Después de su entrada triunfal en Jerusalén, Jesús parece abatido y vencido. Su misión termina en una aparente derrota. Los versos del salmo reproducen cuanto le sucede: lo cercan, lo arrestan, le taladran pies y manos, se reparten su ropa. No solo lo atacan, sino que lo despojan de todo cuanto tiene y de su dignidad. La burla y el reparto de ropas expresan muy bien esa crueldad absurda que se mofa del vencido, que se ensaña sobre el hombre caído. 

Y, sin embargo, el salmo acaba con una alabanza a Dios. ¿Cómo es posible?

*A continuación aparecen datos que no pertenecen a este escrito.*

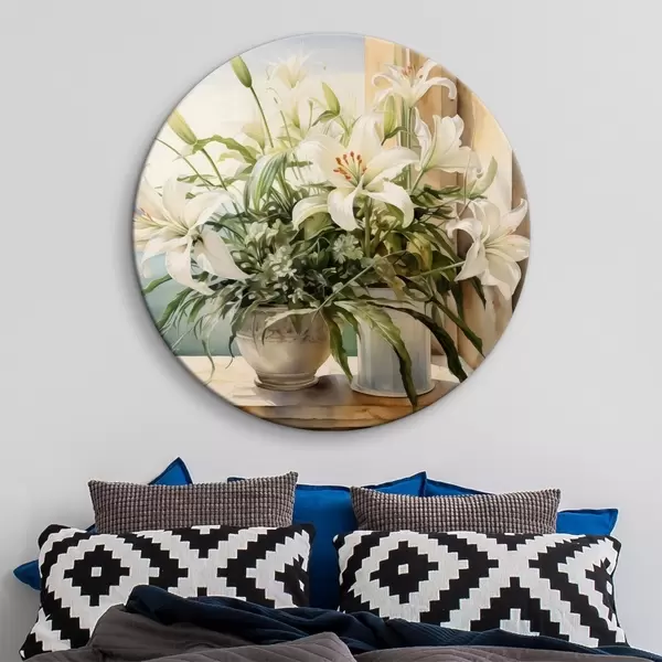 Runde Gemälde Weiße Lilien in einer Vase auf dem Balkon mit Blick auf das Meer und die Berge Aquarell r40682

Jesús también venció esa última estocada del mal: la tentación de desesperarse, de dejar de creer. En la misma cruz, su súplica angustiada con las palabras del Salmo es al mismo tiempo señal de que sigue confiando en su Padre. ¿Cómo podría clamar a Él, si no creyera que le escucha? Ese grito al cielo es su última oración.

Cuando somos capaces de confiar en Dios hasta el extremo, hasta las circunstancias más difíciles y penosas, entenderemos estos versos dramáticos y las palabras de Jesús, muriendo en cruz. Entenderemos que hemos de pasar por una muerte para resucitar. Esa muerte se traducirá en cambios profundos en nuestra vida, incluso cambios en nuestra forma de ser y de pensar. Mantener la fe a toda prueba nos templa como el fuego. Y nos hace personas nuevas, más libres, más vivas. Resucitadas.

Estos días de Semana Santa nos invitan a descubrir el sentido oculto del dolor y a buscar la curación de toda herida humana, corporal y espiritual. Encontraremos la respuesta en el amor y en la entrega sin límites, un amor como sólo Dios puede darnos. El amor que nos mostró Jesús.